After years of demand from the Lafayette community, including students and faculty alike, the college has welcomed its first director of sustainability. In September, it was announced that Marie Fechik-Kirk would fill the position and begin her work in November of this school year.
On Wednesday, a welcome reception was held in the Clay Ketcham Room of Marquis Hall to allow students and faculty to meet both Fechik-Kirk and incoming Campus Energy Manager Nick DeSalvo. Both Fechik-Kirk and DeSalvo will be working with the new campus sustainability team to make improvements on campus. Also in attendance at the reception were members of the Lafayette Sustainability Office. The event included La Farm-grown and locally sourced snacks and refreshments.
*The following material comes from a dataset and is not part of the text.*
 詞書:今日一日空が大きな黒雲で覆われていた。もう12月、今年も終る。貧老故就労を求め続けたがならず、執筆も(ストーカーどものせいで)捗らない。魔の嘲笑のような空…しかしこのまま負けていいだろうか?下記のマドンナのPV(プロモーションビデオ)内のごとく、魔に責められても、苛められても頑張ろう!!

Shawn Hogan ‘17, who was at the reception, said that demonstrations last school year were influential in creating the new director of sustainability position. Though the process of filling the position took time, Hogan said she believes this is an indication of how seriously professors took the selection process.
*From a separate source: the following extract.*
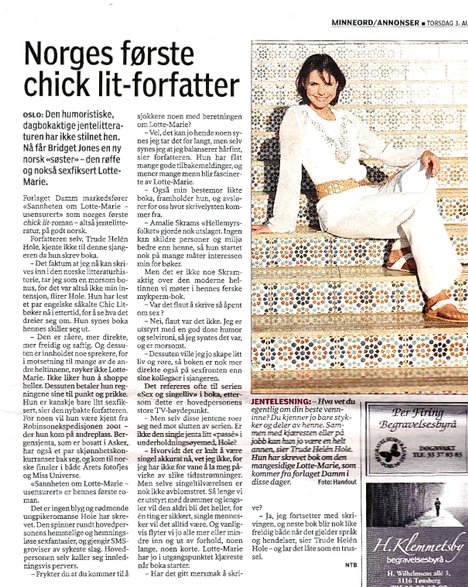“Norges første chicklit forfatter.” Aftenposten

“The faculty went through a long process to find the right person, and I trust the decision of the professors involved,” Hogan said.
Although Hogan is pleased that progress has been made to increase the environmental efforts on campus, she said she hopes that appointing Fechik-Kirk marks only the beginning of future sustainability efforts.
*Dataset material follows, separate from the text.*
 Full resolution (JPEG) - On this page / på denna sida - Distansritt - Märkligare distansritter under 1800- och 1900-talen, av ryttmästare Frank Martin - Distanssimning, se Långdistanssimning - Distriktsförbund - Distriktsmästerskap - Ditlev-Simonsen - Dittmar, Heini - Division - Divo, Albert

“This seems like such a revolutionary thing that is happening, but it should have been done a long time ago,” Hogan said. “It’s up to the future of Lafayette to keep these efforts going and not think that this is the end.”
As professors, faculty members and students mingled and discussed sustainability on campus, attendees had the opportunity to solidify their goals for the future by writing them on a white poster board.
Ariel Jakubowski ’17 said that her goal is to raise awareness for sustainability on campus. She is starting her own group, The Sustainability Brigade, that will help with campus sustainability by turning off lights in empty rooms, separating recyclables from trash and making other small but influential contributions.
“I would love to see sustainability become a greater thing around campus,” Jakubowski said. “I think there are some great initiatives on campus, but they are somewhat confined to people who are in sustainability majors. If you aren’t already involved or looking for ways to get involved it’s hard for people to figure out what they can do.”